Used in Organic Synthesis:
2,3-dibromo-3-phenylpropan-1-ol serves as a chiral building block in organic synthesis, contributing to the construction of pharmaceuticals and agrochemicals. Its unique structure allows for the creation of enantiomerically pure compounds, which are essential in various applications, including drug development.
Used in Pharmaceutical Production:
As an important intermediate in the production of various pharmaceuticals, 2,3-dibromo-3-phenylpropan-1-ol is utilized to synthesize compounds with potential biological activities. Its chiral nature enables the development of enantiomerically pure drugs, which can exhibit improved efficacy and reduced side effects compared to their racemic counterparts.
Used in Agrochemical Production:
In the agrochemical industry, 2,3-dibromo-3-phenylpropan-1-ol is employed as a key intermediate for the synthesis of biologically active compounds. Its chiral properties facilitate the creation of enantiomerically pure agrochemicals, which can enhance the effectiveness and selectivity of these products in agricultural applications.
Used as a Reagent:
2,3-dibromo-3-phenylpropan-1-ol also functions as a reagent in the preparation of other organic compounds.
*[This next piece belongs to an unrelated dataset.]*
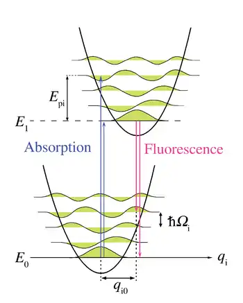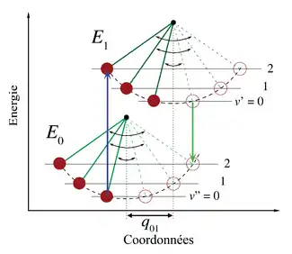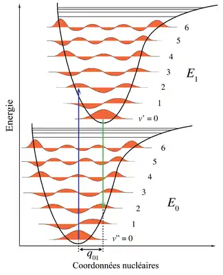 Dans la description quantique, les niveaux et fonctions d'ondes vibrationnels sont ceux des oscillateurs harmoniques quantiques, ou d'approximations plus complexes de l'énergie potentielle des molécules, comme le potentiel de Morse. La figure 1 illustre le principe de Franck-Condon pour les transitions vibroniques dans une molécule avec des fonctions d'énergie potentielle de type Morse dans un état électronique fondamental et un excité. Dans l'approximation des températures basses, la molécule commence au niveau vibrationnel v = 0 de l'état électronique fondamental et par absorption d'un photon d'énergie adéquate, transite vers un état électronique excité. La configuration électronique du nouvel état peut provoquer un décalage de la position d'équilibre des noyaux constituant une molécule. Dans la figure, ce décalage dans les coordonnées atomiques entre l'état fondamental et le premier état excité est nommé q01. Dans le cas le plus simple de la molécule diatomique, l'axe des coordonnées nucléaires réfère à la séparation internucléaire. La transition vibronique est indiquée par une flèche verticale en raison du postulat de la constance des coordonnées nucléaires durant la transition. La probabilité que la molécule puisse se trouver finalement dans un niveau vibrationnel particulier est proportionnelle au carré du recouvrement (vertical) des fonctions d'ondes vibrationnelles des états original et final (voir la formulation quantique dans la partie dédiée ci-dessous). Dans l'état électronique excité, les molécules se relaxent rapidement dans le niveau vibrationnel le plus bas (loi de Kasha), et à partir de là rejoignent l'état électronique de plus basse énergie par émission photonique. Le principe de Franck-Condon s'applique de manière égale à l'absorption et à la fluorescence.

Its unique structure and reactivity make it a valuable tool in the synthesis of a wide range of organic molecules, further expanding its utility in various chemical processes.

Upstream product

• 4407-36-7 (2E)-3-phenyl-2-propen-1-ol 
• 104-54-1 3-Phenylpropenol 
• 100-52-7 benzaldehyde 
• 103-26-4 methyl cinnamate 
• 70110-65-5 2-phenoxy-1-phenylpropane-1, 3-diol 
• 14371-10-9 (E)-3-phenylpropenal 

Downstream Products

• 18652-74-9 erythro-2-bromo-3-hydroxy-3-phenylpropan-1-ol 
• 63157-81-3 1-phenyl-propane-1,2,3-triol 
• 56762-23-3 (1,2,3-tribromo-propyl)-benzene 
• 141811-76-9 (2RS,3SR)-3-bromo-3-phenyl-1,2-epoxypropane 
• 953401-14-4 anti-3-phenyl-2,3-dibromopropionic acid 
• 155728-88-4 2-bromomethyl-3-phenyloxirane 
• 4407-36-7 (2E)-3-phenyl-2-propen-1-ol 
• 40327-02-4 acetic acid-(2,3-dibromo-3-phenyl-propyl ester)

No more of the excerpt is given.